WHAT THE TASK REQUIRES
Output a character-exact copy of the data, images removed.

Dataset excerpts

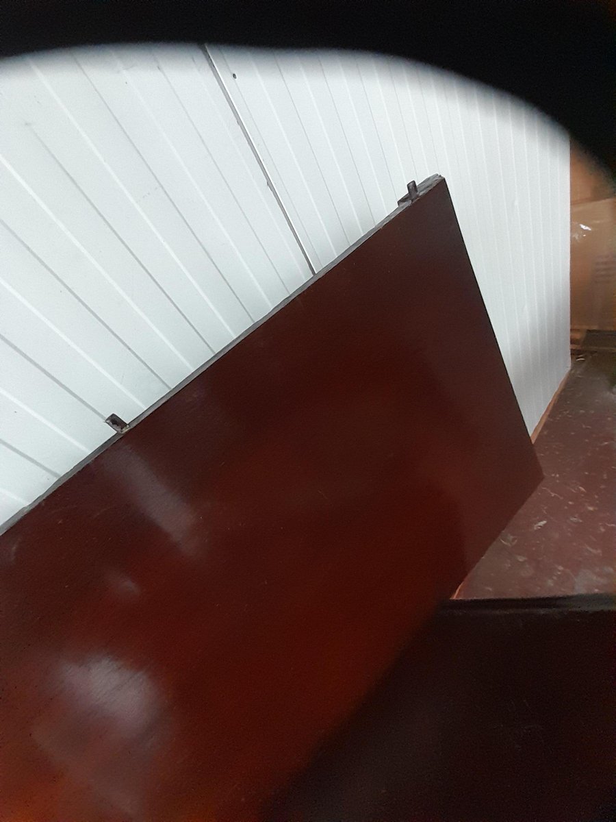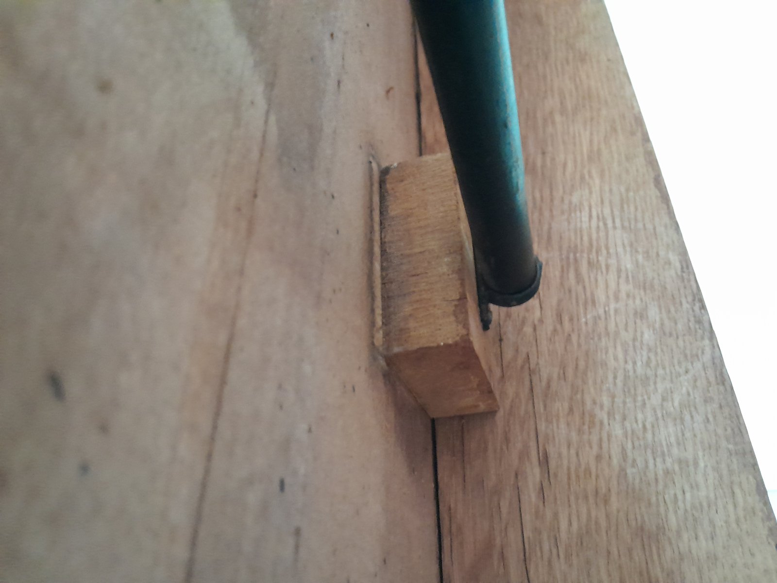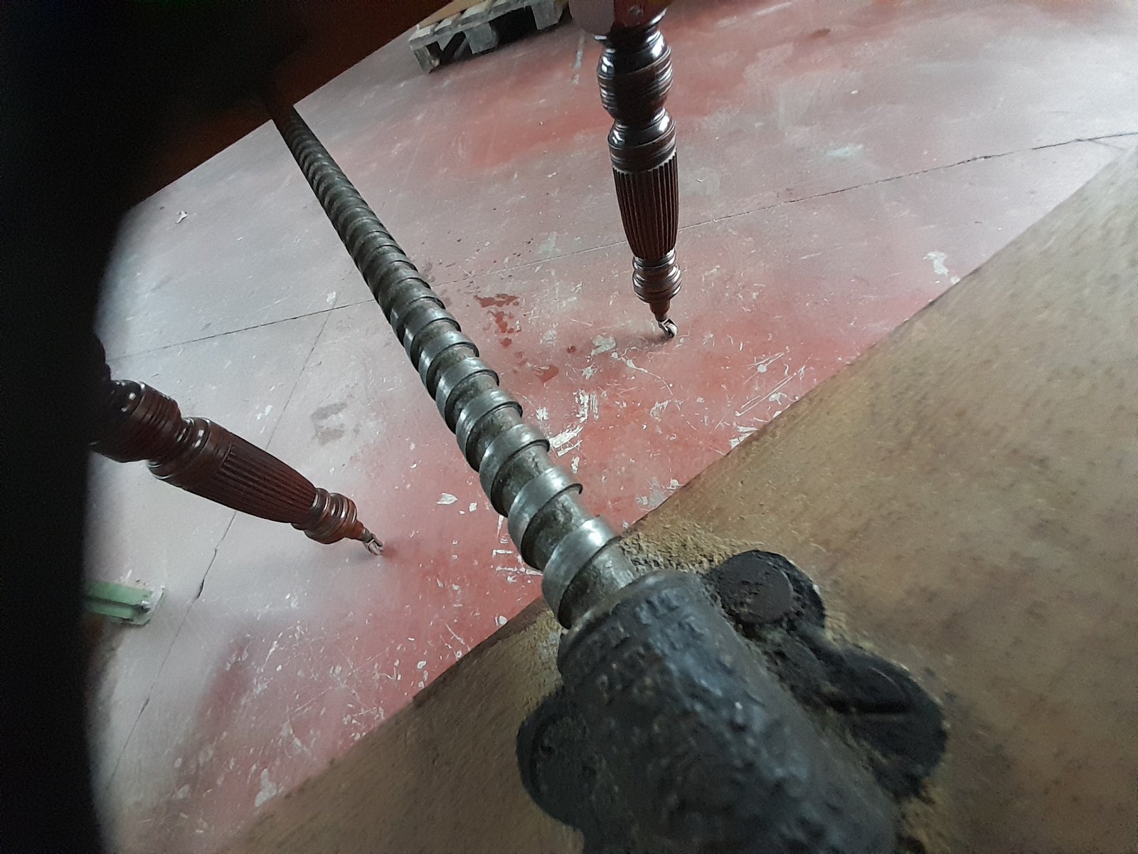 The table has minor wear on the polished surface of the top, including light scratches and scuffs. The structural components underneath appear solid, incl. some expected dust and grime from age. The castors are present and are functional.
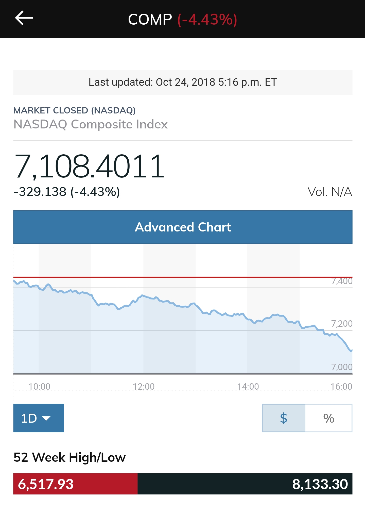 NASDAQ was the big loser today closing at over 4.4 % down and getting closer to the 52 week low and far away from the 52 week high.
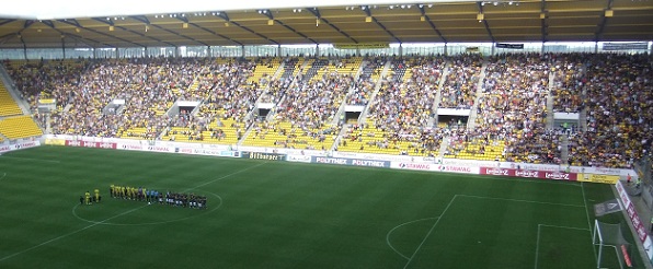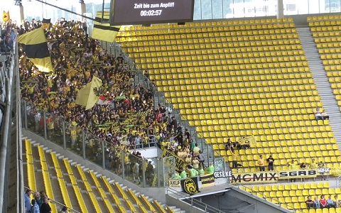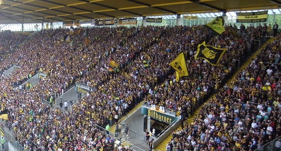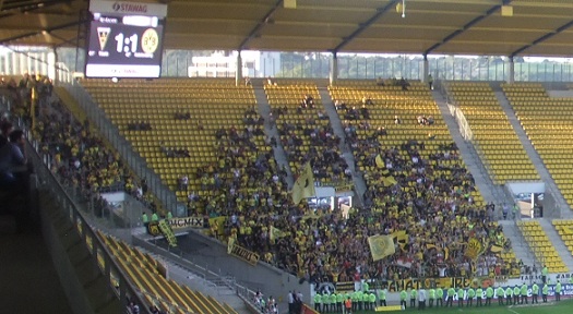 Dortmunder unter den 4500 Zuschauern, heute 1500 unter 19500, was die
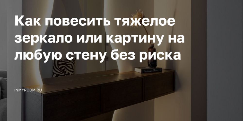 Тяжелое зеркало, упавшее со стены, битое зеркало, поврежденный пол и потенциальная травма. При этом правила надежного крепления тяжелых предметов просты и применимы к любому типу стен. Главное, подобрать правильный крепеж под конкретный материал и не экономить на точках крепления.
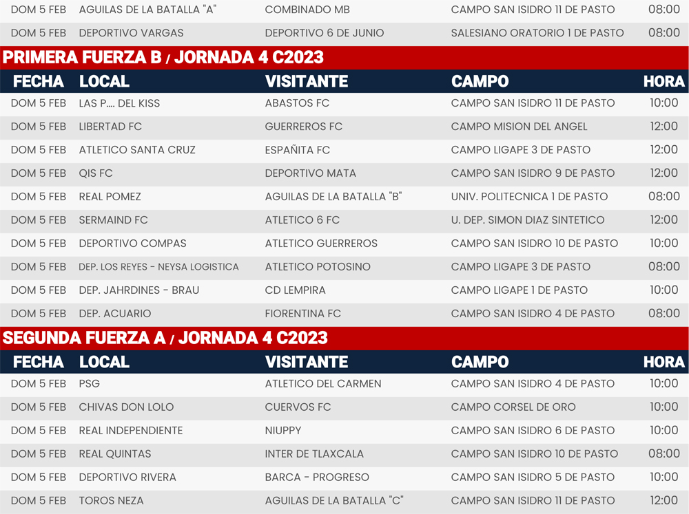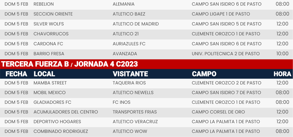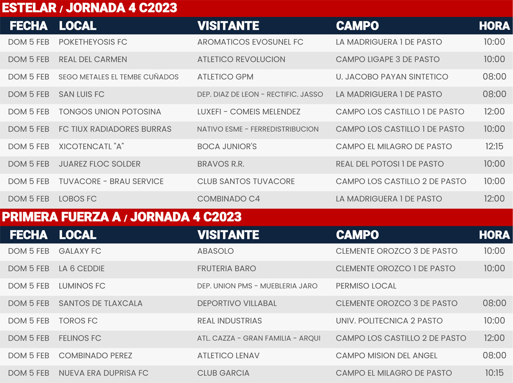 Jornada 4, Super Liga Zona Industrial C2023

RESPONSE BELOW
 The table has minor wear on the polished surface of the top, including light scratches and scuffs. The structural components underneath appear solid, incl. some expected dust and grime from age. The castors are present and are functional.
 NASDAQ was the big loser today closing at over 4.4 % down and getting closer to the 52 week low and far away from the 52 week high.
 Dortmunder unter den 4500 Zuschauern, heute 1500 unter 19500, was die
 Тяжелое зеркало, упавшее со стены, битое зеркало, поврежденный пол и потенциальная травма. При этом правила надежного крепления тяжелых предметов просты и применимы к любому типу стен. Главное, подобрать правильный крепеж под конкретный материал и не экономить на точках крепления.
 Jornada 4, Super Liga Zona Industrial C2023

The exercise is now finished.